In [None]:
%%html
<style>
.h1_cell, .just_text {
    box-sizing: border-box;
    padding-top:5px;
    padding-bottom:5px;
    font-family: "Times New Roman", Georgia, Serif;
    font-size: 125%;
    line-height: 22px; /* 5px +12px + 5px */
    text-indent: 25px;
    background-color: #fbfbea;
    padding: 10px;
}
.code_block {
    box-sizing: border-box;
    padding-top:5px;
    padding-bottom:5px;
    font-size: 75%;
    line-height: 22px; /* 5px +12px + 5px */
    #text-indent: 25px;
    #background-color: #fbfbea;
    padding: 5px;
}

hr { 
    display: block;
    margin-top: 0.5em;
    margin-bottom: 0.5em;
    margin-left: auto;
    margin-right: auto;
    border-style: inset;
    border-width: 2px;
}
</style>

<h2>
<center>
Can we Parallelize KNN?
</center>
</h2>

In [None]:
import os
import sys
import subprocess

In [None]:
os.environ['SPARK_HOME'] = os.environ['HOME'] + '/spark'
os.environ['PATH'] += ':' + os.environ['SPARK_HOME'] + '/bin'
sys.path.append(os.environ['SPARK_HOME'] + '/python')
sys.path.append(os.environ['SPARK_HOME'] + '/python/lib/py4j-0.10.6-src.zip')

In [None]:
# run start-all.sh
subprocess.call(os.environ['SPARK_HOME'] + "/sbin/start-all.sh", env=os.environ)

In [None]:
from pyspark import SparkContext
from pyspark.sql import SparkSession
spark = SparkSession(SparkContext(master='spark://instance-1:7077'))
spark

<div class=h1_cell>
<p>
Sometimes its better think about these problems from the bottom up.
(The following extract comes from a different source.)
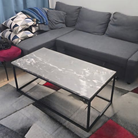 Amanda soffbord från Mio. Matt vit marmor med svarta ben. Själva marmor stenen är i bra skick men benen är skrapat längst vid golvet (se bild 3).

Is there a row-wise operation that can be run on the dataset in parallel?
<p>
Yes. Given a row, we can calculate the distance from every other row in the distributed dataset.
<p>
Lets import our dataset using pandas and use our NLP code from pyspark_lsa.ipynb to process the text.
</div>

In [None]:
!pip install pandas  # if not already installed

In [None]:
import pandas as pd

pd.set_option('display.max_columns', 500)
gothic_table = pd.read_csv('https://bit.ly/2HVSx3X', encoding='utf-8')
gothic_table.head(5)

In [None]:
!pip install nltk  # if not already installed

<div class=h1_cell>
<p>
Generating the cooccurence matrix for the first 10 sentences produces a matrix with 180 columns. The first 100 sentences produces 1149 columns. Including all sentences would produce an incredibly large and sparse matrix, which takes too long to do here. I'm reading it in from google drive, but the code for computing the matrix is below if you want to run that. Getting the first 100 rows with head(100) is plenty for this exercise.
<p>    
If you want the entire matrix, the code below needs about 10-15 GB of memory at maximum to compute the matrix. At least, that is what happened on my local machine. I suggest you compute on your local machine, upload it to google drive and read it in with pandas OR send the csv directly to the head node with scp. The csv file is just over 1 GB.
<p>
If you want or need to compute it here, I suggest you destroy this node and spin up a new disk with at least 20GB of space. Then, install spark and rewire your cluster configuration to connect to the new node as the master. The other more complex route is to add another disk and merge it into the main partition, see https://cloud.google.com/compute/docs/disks/add-persistent-disk
</div>

In [None]:
"""
from nlp import get_bag_and_tokenize
from lnalg import comatrix

bag, sentences = get_bag_and_tokenize(gothic_table.head(100), 'text')
cm = comatrix(bag, sentences, window=3)
cm.head(5)
"""

cm = pd.read_csv("../three_authors.csv", index_col=0)
cm.head()

In [None]:
cm.to_csv('three_authors.csv')

<div class=h1_cell>
<p>
Lets create a function that calculates the distance against a numpy ndarray. We can pass python functions to spark, and spark will pass each row in the distributed dataset.
</div>

In [None]:
import numpy as np
from random import random

randv = np.random.rand(len(cm.columns))

def distance(x):
    return float(np.linalg.norm(x-randv).item())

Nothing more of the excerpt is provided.